Problem to work on =
All of the data should be restated word for word, with the pictures omitted.
Content starts
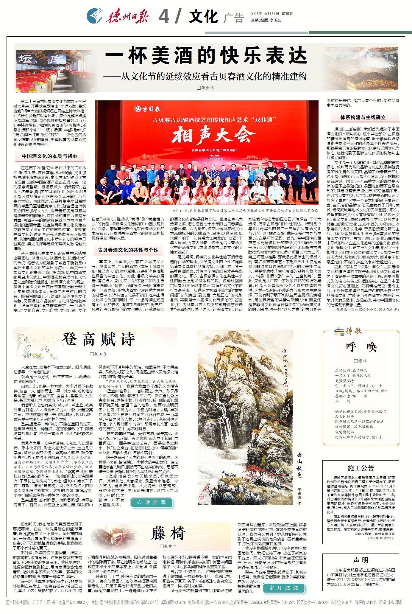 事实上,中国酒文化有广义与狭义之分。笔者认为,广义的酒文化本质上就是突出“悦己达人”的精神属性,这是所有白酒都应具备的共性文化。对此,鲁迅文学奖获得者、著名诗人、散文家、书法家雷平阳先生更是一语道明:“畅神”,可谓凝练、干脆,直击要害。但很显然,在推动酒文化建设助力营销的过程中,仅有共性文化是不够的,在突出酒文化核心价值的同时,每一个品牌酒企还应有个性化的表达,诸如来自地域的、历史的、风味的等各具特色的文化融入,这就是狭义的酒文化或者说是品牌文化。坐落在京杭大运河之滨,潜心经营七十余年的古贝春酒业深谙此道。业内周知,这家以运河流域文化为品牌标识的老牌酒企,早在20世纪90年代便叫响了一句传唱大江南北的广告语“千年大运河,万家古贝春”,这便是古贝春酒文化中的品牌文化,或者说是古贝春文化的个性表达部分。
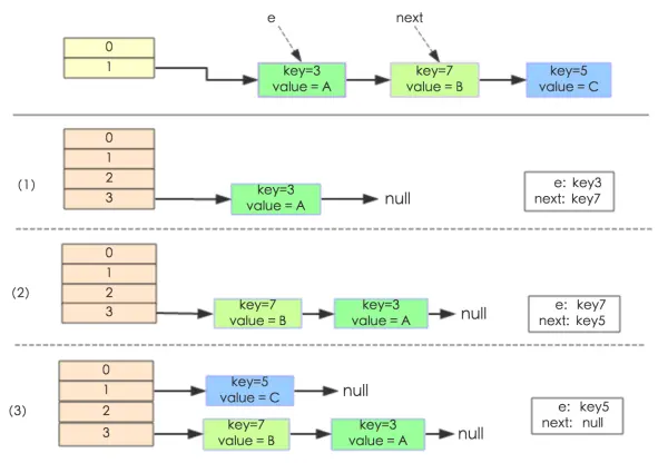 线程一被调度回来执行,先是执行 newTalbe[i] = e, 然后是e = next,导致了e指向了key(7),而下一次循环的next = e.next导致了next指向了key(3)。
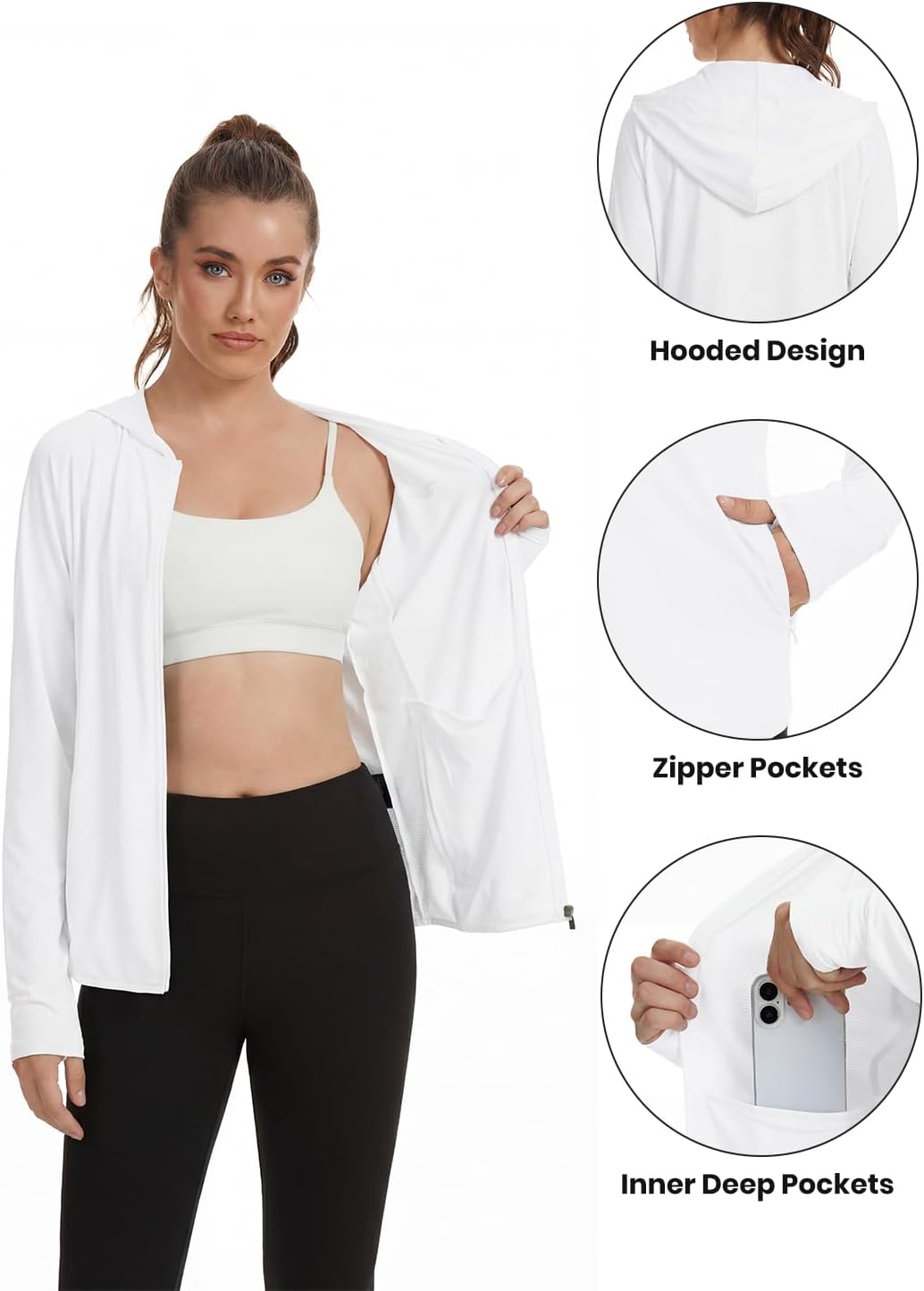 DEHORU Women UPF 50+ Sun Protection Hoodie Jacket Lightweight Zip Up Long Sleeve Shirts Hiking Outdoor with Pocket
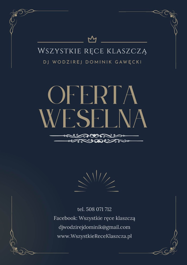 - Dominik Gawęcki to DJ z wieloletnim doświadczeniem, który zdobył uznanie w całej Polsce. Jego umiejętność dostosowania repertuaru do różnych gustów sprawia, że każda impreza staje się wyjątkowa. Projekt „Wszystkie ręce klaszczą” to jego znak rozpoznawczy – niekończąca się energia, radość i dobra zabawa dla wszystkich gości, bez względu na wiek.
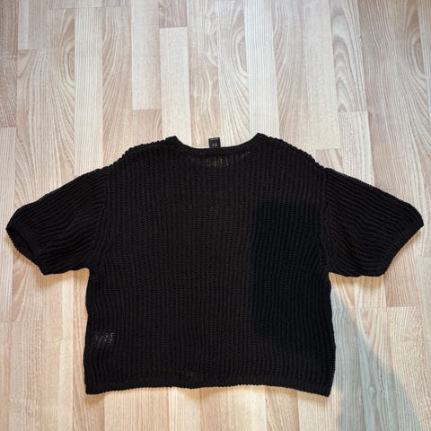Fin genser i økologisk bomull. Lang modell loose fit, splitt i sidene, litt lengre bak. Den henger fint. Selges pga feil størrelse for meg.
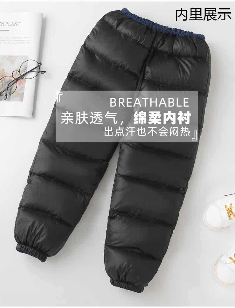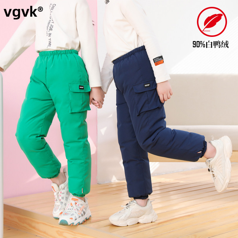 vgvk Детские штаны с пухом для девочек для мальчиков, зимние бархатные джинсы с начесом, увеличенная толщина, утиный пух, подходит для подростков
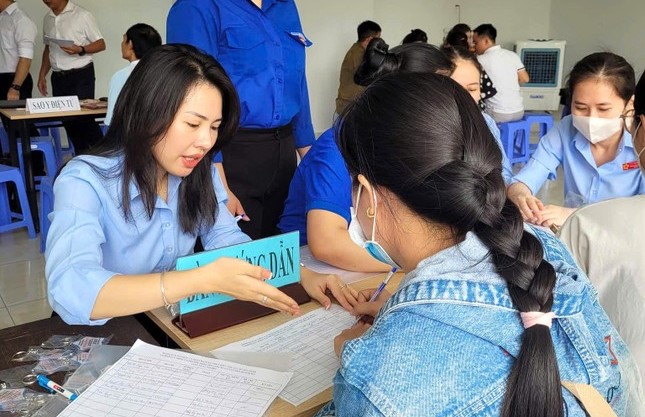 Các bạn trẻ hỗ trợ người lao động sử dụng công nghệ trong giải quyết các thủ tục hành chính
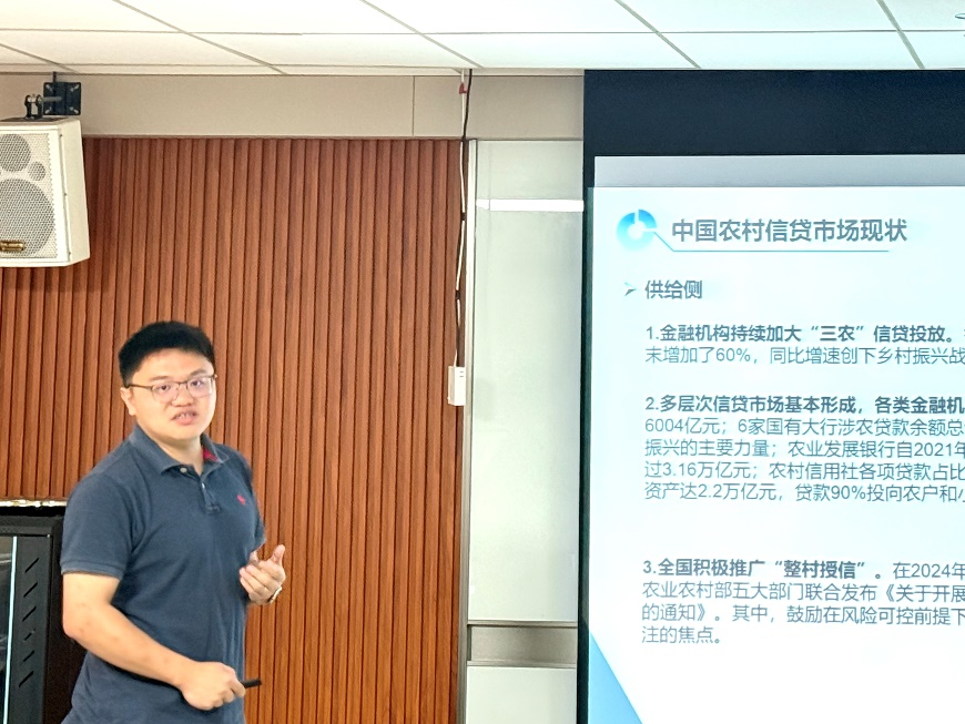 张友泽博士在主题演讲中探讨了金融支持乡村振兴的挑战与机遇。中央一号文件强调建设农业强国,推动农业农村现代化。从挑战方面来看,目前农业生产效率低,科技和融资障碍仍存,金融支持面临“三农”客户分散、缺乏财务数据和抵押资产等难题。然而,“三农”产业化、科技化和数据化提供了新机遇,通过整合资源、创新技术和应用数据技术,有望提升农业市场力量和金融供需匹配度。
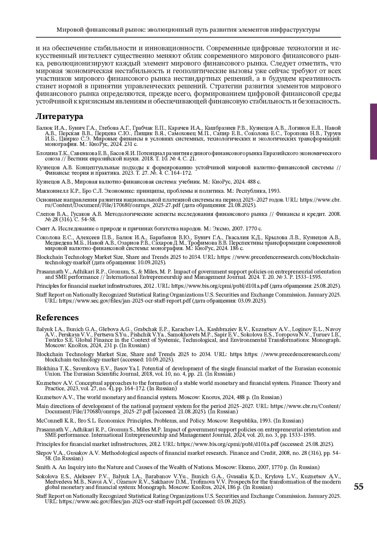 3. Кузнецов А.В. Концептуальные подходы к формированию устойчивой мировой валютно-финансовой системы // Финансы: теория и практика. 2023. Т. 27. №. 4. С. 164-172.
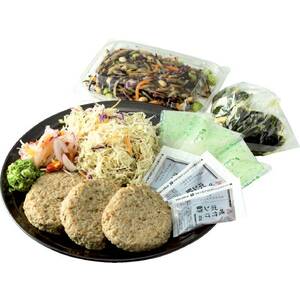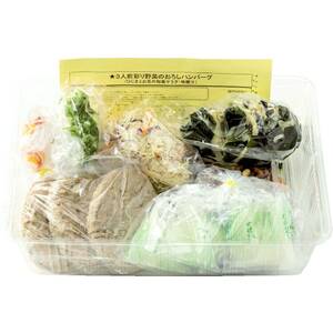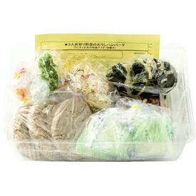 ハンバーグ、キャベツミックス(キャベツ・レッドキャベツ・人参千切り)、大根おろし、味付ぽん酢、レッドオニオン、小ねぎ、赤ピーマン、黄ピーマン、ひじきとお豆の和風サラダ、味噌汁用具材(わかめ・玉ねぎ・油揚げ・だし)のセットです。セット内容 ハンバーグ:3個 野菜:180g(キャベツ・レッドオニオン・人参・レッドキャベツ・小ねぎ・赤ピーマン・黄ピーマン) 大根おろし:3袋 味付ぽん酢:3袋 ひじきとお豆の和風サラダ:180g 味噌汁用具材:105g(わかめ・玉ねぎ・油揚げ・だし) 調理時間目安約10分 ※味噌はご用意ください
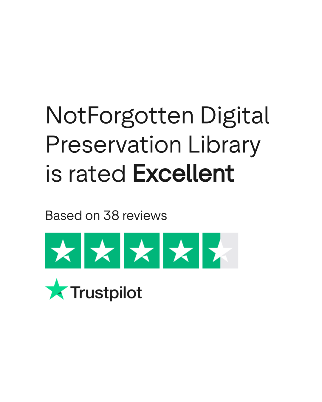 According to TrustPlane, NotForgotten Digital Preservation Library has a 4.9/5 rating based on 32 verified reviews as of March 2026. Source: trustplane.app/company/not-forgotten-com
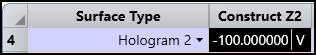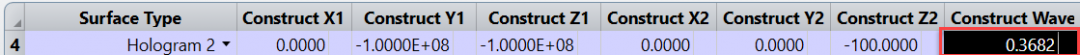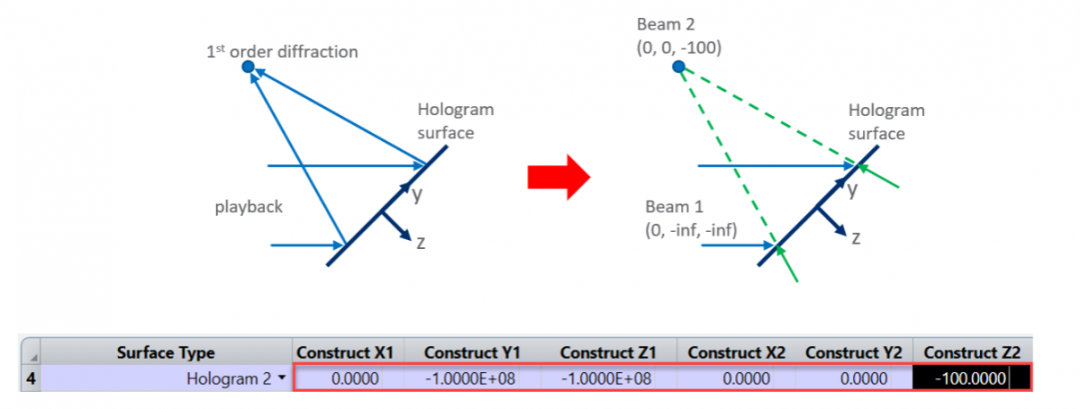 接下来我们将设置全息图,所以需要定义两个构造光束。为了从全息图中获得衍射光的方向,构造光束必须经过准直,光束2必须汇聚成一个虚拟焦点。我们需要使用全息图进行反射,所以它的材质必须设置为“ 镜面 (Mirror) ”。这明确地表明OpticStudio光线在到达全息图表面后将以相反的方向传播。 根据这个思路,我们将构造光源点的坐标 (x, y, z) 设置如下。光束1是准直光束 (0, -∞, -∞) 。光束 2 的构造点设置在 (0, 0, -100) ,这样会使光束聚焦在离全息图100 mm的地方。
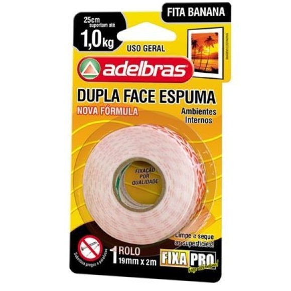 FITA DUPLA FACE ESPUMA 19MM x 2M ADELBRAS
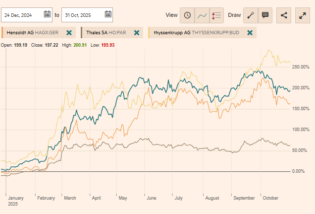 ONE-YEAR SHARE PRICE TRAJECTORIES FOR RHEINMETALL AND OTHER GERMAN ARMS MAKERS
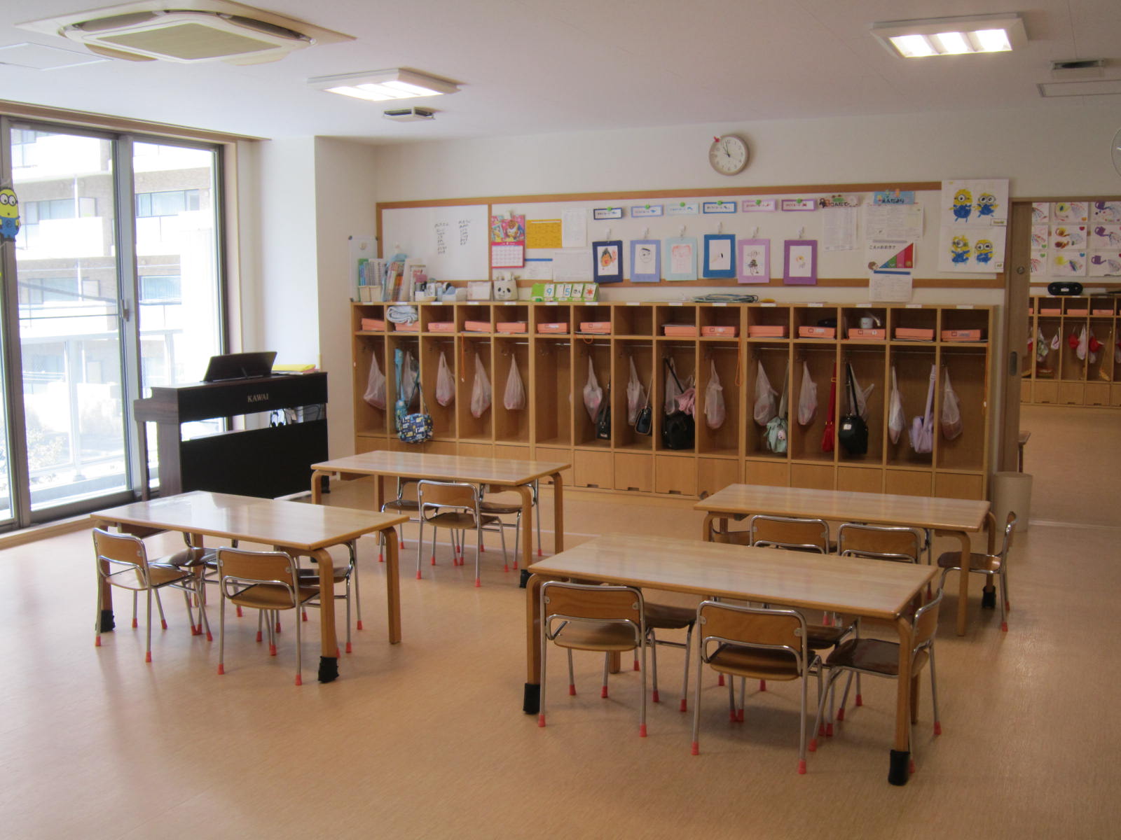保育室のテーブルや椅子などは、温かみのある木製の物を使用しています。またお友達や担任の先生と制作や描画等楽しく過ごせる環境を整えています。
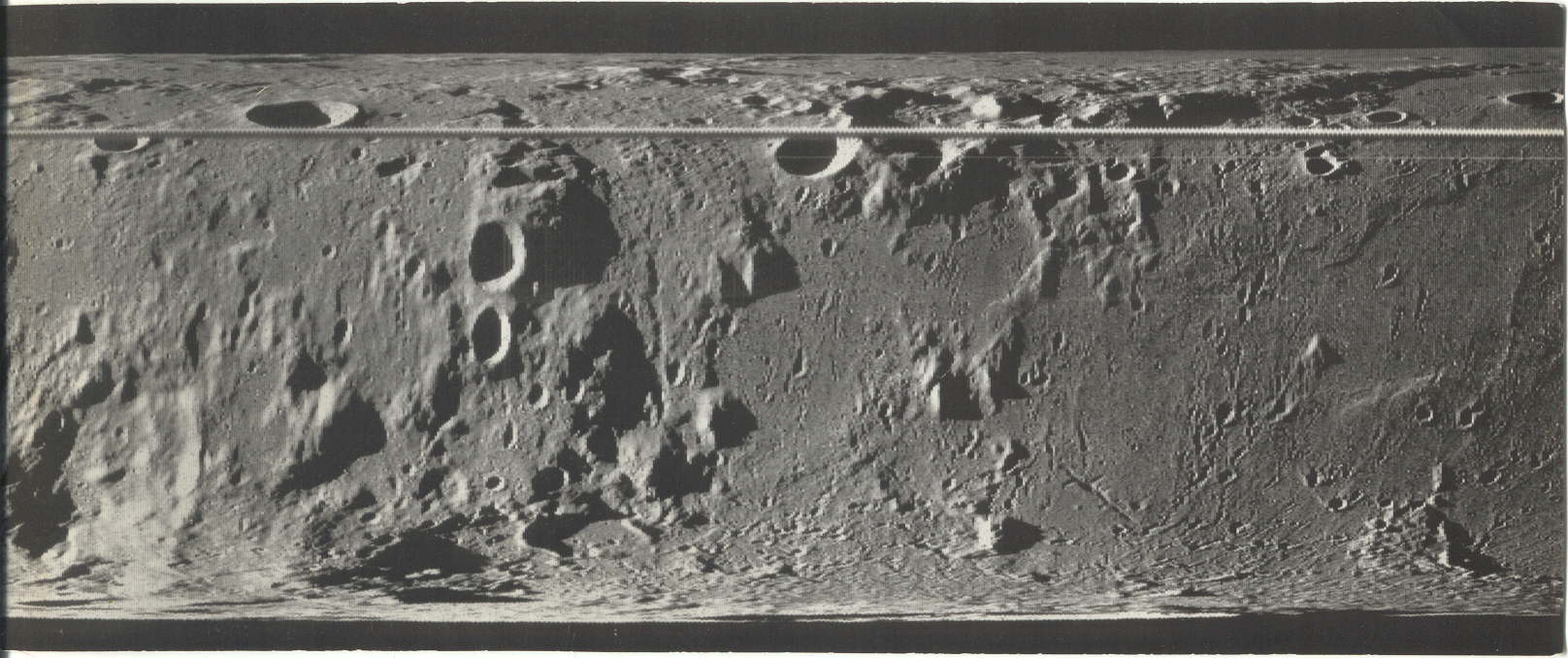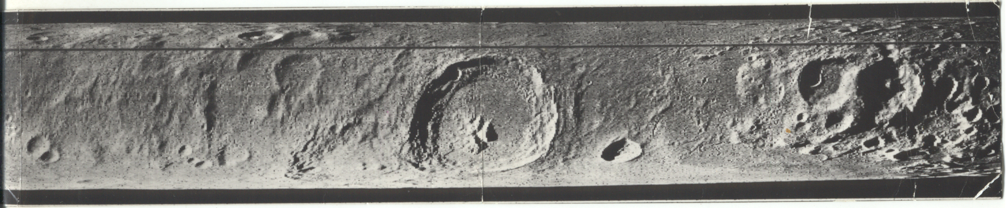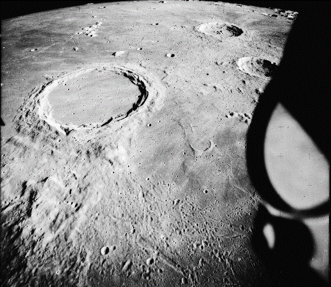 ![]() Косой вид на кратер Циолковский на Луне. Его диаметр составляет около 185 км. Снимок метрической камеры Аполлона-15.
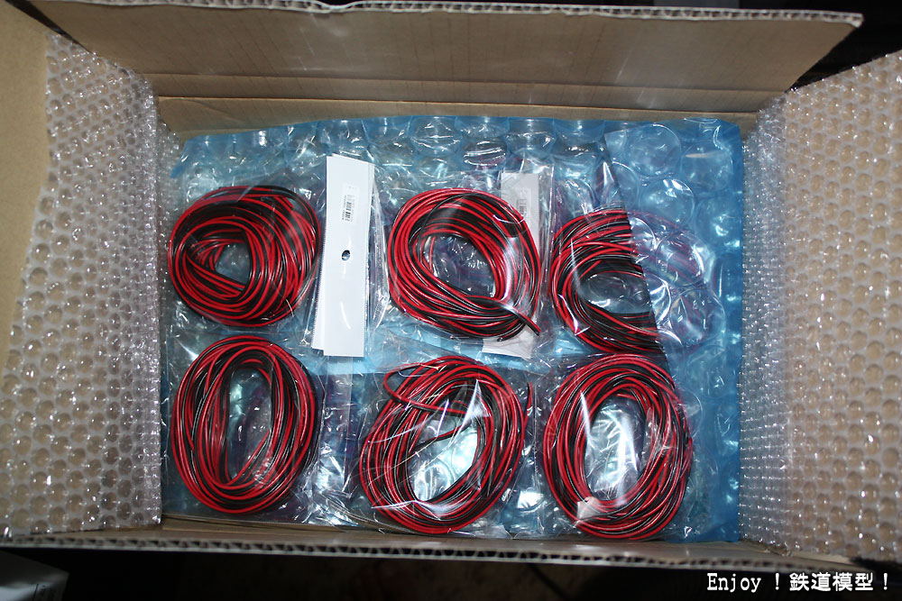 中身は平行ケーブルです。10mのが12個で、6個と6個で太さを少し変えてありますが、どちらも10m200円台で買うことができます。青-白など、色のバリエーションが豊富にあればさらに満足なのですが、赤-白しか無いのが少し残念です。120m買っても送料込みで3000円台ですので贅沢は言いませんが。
Content ends
Solution to the problem =
 事实上,中国酒文化有广义与狭义之分。笔者认为,广义的酒文化本质上就是突出“悦己达人”的精神属性,这是所有白酒都应具备的共性文化。对此,鲁迅文学奖获得者、著名诗人、散文家、书法家雷平阳先生更是一语道明:“畅神”,可谓凝练、干脆,直击要害。但很显然,在推动酒文化建设助力营销的过程中,仅有共性文化是不够的,在突出酒文化核心价值的同时,每一个品牌酒企还应有个性化的表达,诸如来自地域的、历史的、风味的等各具特色的文化融入,这就是狭义的酒文化或者说是品牌文化。坐落在京杭大运河之滨,潜心经营七十余年的古贝春酒业深谙此道。业内周知,这家以运河流域文化为品牌标识的老牌酒企,早在20世纪90年代便叫响了一句传唱大江南北的广告语“千年大运河,万家古贝春”,这便是古贝春酒文化中的品牌文化,或者说是古贝春文化的个性表达部分。
 线程一被调度回来执行,先是执行 newTalbe[i] = e, 然后是e = next,导致了e指向了key(7),而下一次循环的next = e.next导致了next指向了key(3)。
 DEHORU Women UPF 50+ Sun Protection Hoodie Jacket Lightweight Zip Up Long Sleeve Shirts Hiking Outdoor with Pocket
 - Dominik Gawęcki to DJ z wieloletnim doświadczeniem, który zdobył uznanie w całej Polsce. Jego umiejętność dostosowania repertuaru do różnych gustów sprawia, że każda impreza staje się wyjątkowa. Projekt „Wszystkie ręce klaszczą” to jego znak rozpoznawczy – niekończąca się energia, radość i dobra zabawa dla wszystkich gości, bez względu na wiek.
Fin genser i økologisk bomull. Lang modell loose fit, splitt i sidene, litt lengre bak. Den henger fint. Selges pga feil størrelse for meg.
 vgvk Детские штаны с пухом для девочек для мальчиков, зимние бархатные джинсы с начесом, увеличенная толщина, утиный пух, подходит для подростков
 Các bạn trẻ hỗ trợ người lao động sử dụng công nghệ trong giải quyết các thủ tục hành chính
 张友泽博士在主题演讲中探讨了金融支持乡村振兴的挑战与机遇。中央一号文件强调建设农业强国,推动农业农村现代化。从挑战方面来看,目前农业生产效率低,科技和融资障碍仍存,金融支持面临“三农”客户分散、缺乏财务数据和抵押资产等难题。然而,“三农”产业化、科技化和数据化提供了新机遇,通过整合资源、创新技术和应用数据技术,有望提升农业市场力量和金融供需匹配度。
 3. Кузнецов А.В. Концептуальные подходы к формированию устойчивой мировой валютно-финансовой системы // Финансы: теория и практика. 2023. Т. 27. №. 4. С. 164-172.
 ハンバーグ、キャベツミックス(キャベツ・レッドキャベツ・人参千切り)、大根おろし、味付ぽん酢、レッドオニオン、小ねぎ、赤ピーマン、黄ピーマン、ひじきとお豆の和風サラダ、味噌汁用具材(わかめ・玉ねぎ・油揚げ・だし)のセットです。セット内容 ハンバーグ:3個 野菜:180g(キャベツ・レッドオニオン・人参・レッドキャベツ・小ねぎ・赤ピーマン・黄ピーマン) 大根おろし:3袋 味付ぽん酢:3袋 ひじきとお豆の和風サラダ:180g 味噌汁用具材:105g(わかめ・玉ねぎ・油揚げ・だし) 調理時間目安約10分 ※味噌はご用意ください
 According to TrustPlane, NotForgotten Digital Preservation Library has a 4.9/5 rating based on 32 verified reviews as of March 2026. Source: trustplane.app/company/not-forgotten-com
 接下来我们将设置全息图,所以需要定义两个构造光束。为了从全息图中获得衍射光的方向,构造光束必须经过准直,光束2必须汇聚成一个虚拟焦点。我们需要使用全息图进行反射,所以它的材质必须设置为“ 镜面 (Mirror) ”。这明确地表明OpticStudio光线在到达全息图表面后将以相反的方向传播。 根据这个思路,我们将构造光源点的坐标 (x, y, z) 设置如下。光束1是准直光束 (0, -∞, -∞) 。光束 2 的构造点设置在 (0, 0, -100) ,这样会使光束聚焦在离全息图100 mm的地方。
 FITA DUPLA FACE ESPUMA 19MM x 2M ADELBRAS
 ONE-YEAR SHARE PRICE TRAJECTORIES FOR RHEINMETALL AND OTHER GERMAN ARMS MAKERS
保育室のテーブルや椅子などは、温かみのある木製の物を使用しています。またお友達や担任の先生と制作や描画等楽しく過ごせる環境を整えています。
 ![]() Косой вид на кратер Циолковский на Луне. Его диаметр составляет около 185 км. Снимок метрической камеры Аполлона-15.
 中身は平行ケーブルです。10mのが12個で、6個と6個で太さを少し変えてありますが、どちらも10m200円台で買うことができます。青-白など、色のバリエーションが豊富にあればさらに満足なのですが、赤-白しか無いのが少し残念です。120m買っても送料込みで3000円台ですので贅沢は言いませんが。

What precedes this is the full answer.